Real-Life Nagios NSCA-mode monitoring of Linux system Resource Usage--nagios configuration--Monitored end

Source: Internet
Author: User

nagios requires the monitored side to send data to the Nagios side in the agreed format. Monitoring includes 2 types of nodes and services. The node Monitoring convention data format is as follows:
[<timestamp>] Process_host_check_result;
The format is easy to understand, data commit timestamp, monitored node name, node State (up/down/unrearchable), plugin custom extra data. The state-specific explanations for each field are as follows:
1. Timestamp is the time in time_t format (seconds since the UNIX epoch), the host check was perfomed (or submitted).
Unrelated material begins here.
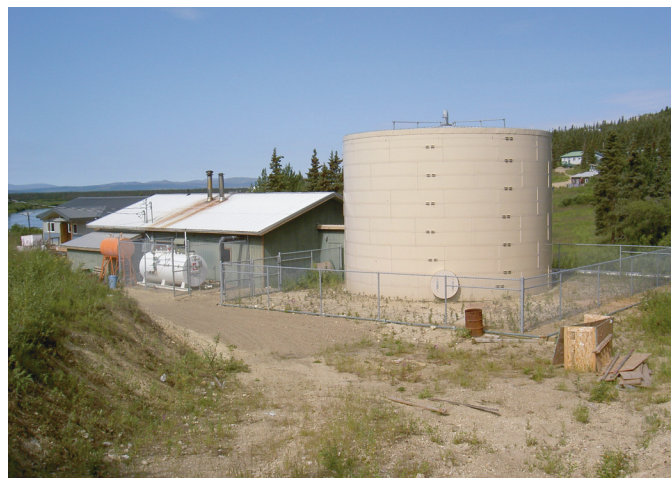
FIG. 3. Water tank in White Mountain, Alaska.

In White Mountain, a well was drilled as early as 1964, followed by another well in 1968. By 1986, a piped water delivery system was installed, and upgrades have occurred continuously since then. The well currently in use was drilled in 1968 and is 129 feet deep. Information provided by community members in 2004 indicates that the original well, drilled in 1964 to a depth of 118 feet, was contaminated with oil. The newer well, 400 feet up a hill from the original 1964 well location, is pumped continuously at 24 gallons per minute to meet demand and keep a 150 000-gallon storage tank full. Major upgrades were made around 1981, including a new water plant and tank, with pipes following within a few years (Fig. 3). When the 1981 water plant was installed, the design population was 250 people, with a per capita use of 15 gallons per day. The distribution system has one loop serving the town, and continuous pumping prevents freezing. The water system and washeteria are operated by the municipal government. Water is filtered, chlorinated, and fluoridated (ADCCED, 2004a; authors' field notes). Piped

Please note the single space after the right bracket.
2. HOST_NAME is the short name of the host (as defined in the host definition)
3. Host_status is the status of the host (0=up, 1=down, 2=unreachable)
4. Plugin_output is the text output of the host check

The service monitoring contract data format is as follows:
[<timestamp>] Process_service_check_result;

data submission timestamp, monitored node name, monitored service name, service status (ok/warning/critical/unknown), plug-in custom additional data. Each field is interpreted as follows:

1. Timestamp is the time in time_t format (seconds since the UNIX epoch), the service check was perfomed (or submitted ). Please note the single space after the right bracket.
2. HOST_NAME is the short name of the host associated with the service in the service definition
3. Svc_description is the description of the service as specified in the service definition
4. Return_code is the return code of the check (0=ok, 1=warning, 2=critical, 3=unknown)
5. Plugin_output is the text output of the service check (i.e. the plugin output)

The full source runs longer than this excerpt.